Cara ADUC
Lettera del consumatore
Domanda
20 ottobre 2005
Ecco il mio quesito. Mi rechereste un enorme servigio qualora voleste prima rispondermi in privato. Se la vostra consulenza risultera', come ritengo, a mio favore, non ho problemi ad autorizzarvi, ringraziandovi infinitamente, alla sua pubblicazione. Distinti saluti.

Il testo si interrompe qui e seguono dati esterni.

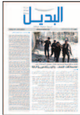
البديل- العدد السابع والتسعون 2013-7-14
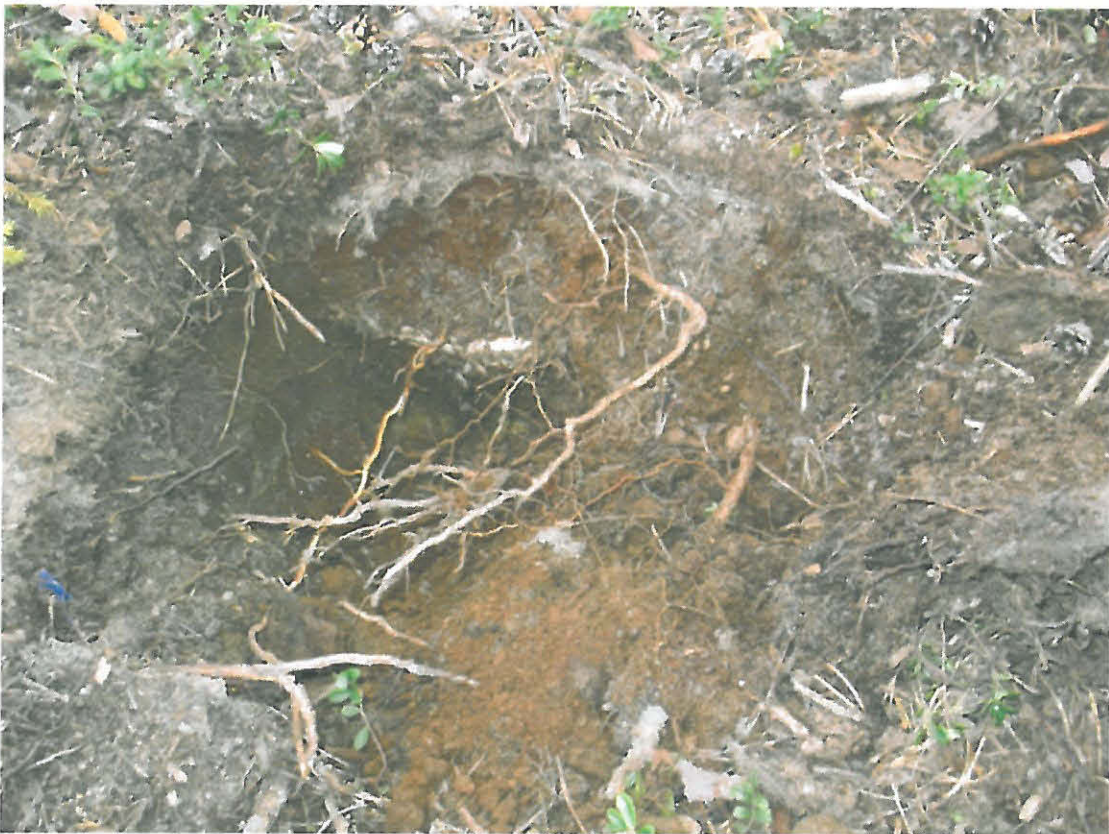
Kuva 4. Rautakuonaa tuli koekuopasta erittäin runsaasti.

Ho sottoscritto una proposta d'acquisto irrevocabile e consegnato all'agenzia un assegno, intestato al venditore, a titolo di deposito. Non avendo ricevuto alcuna comunicazione scritta dell'avvenuta accettazione, dopo lo scadere del termine di irrevocabilita', ho comunicato per raccomandata la mia intenzione di ritirarmi dall'affare e quindi di non stipulare il preliminare (cui rimandava la stessa proposta, a mezzo di clausola specificata a mano). L'agenzia affermava, presente il venditore, di avermi contattato telefonicamente prima dello scadere del termine di irrevocabilita', per informarmi dell'avvenuta accettazione. Il venditore, non solo tratteneva il deposito fiduciario, ma pretendeva un risarcimento dei danni, nonche' l'agenzia il pagamento della provvigione. Vorrei sapere se, in caso di giudizio, saro' tenuto anche a pagare i danni alla controparte.
Risposta ADUC
Se la proposta e' scaduta senza che vi sia stata accettazione formale da parte del venditore (non basta dire di aver chiamato, ma deve esserci una comunicazione tramite raccomandata A/R) decade ogni obbligo dell'acquirente, che pertanto deve ricevere il rimborso dell'eventuale acconto versato (e non e' tenuto, invece, a pagare penali ne' danni). Nel suo caso non si puo' neanche dire che la proposta potesse intendersi come sostitutiva del compromesso (in questo caso le cose sarebbero state diverse), perche' lo stesso vi e' citato come atto successivo. Si veda, in merito, questa scheda pratica: clicca qui. p.s. la sua richiesta di non pubblicare la lettera e la concessione di farlo successivamente solo se il consiglio sia a lei favorevole -ci scusi se glielo facciamo notare- e' quantomeno bizzarra e pretenziosa, visto che non ci dice ne' il suo nome, ne' il suo cognome, ne' la sua citta', ne' uno straccio di riferimento. Secondo lei, noi perche' siamo qui? Per svolgere un'opera di carita'? Ha sbagliato associazione: il prezzo che noi chiediamo e' la pubblicazione rispettando l'anonimato delle persone e dei fatti, figurati se non lo facciamo quando uno non si perita neanche di metterci un numero di telefono perche' - magari e come spesso succede- ha sbagliato a digitare il suo indirizzo e-mail e potrebbe non ricevere mai la risposta, sicuramente pensando che siamo degli sbruffoni perche' non rispondiamo.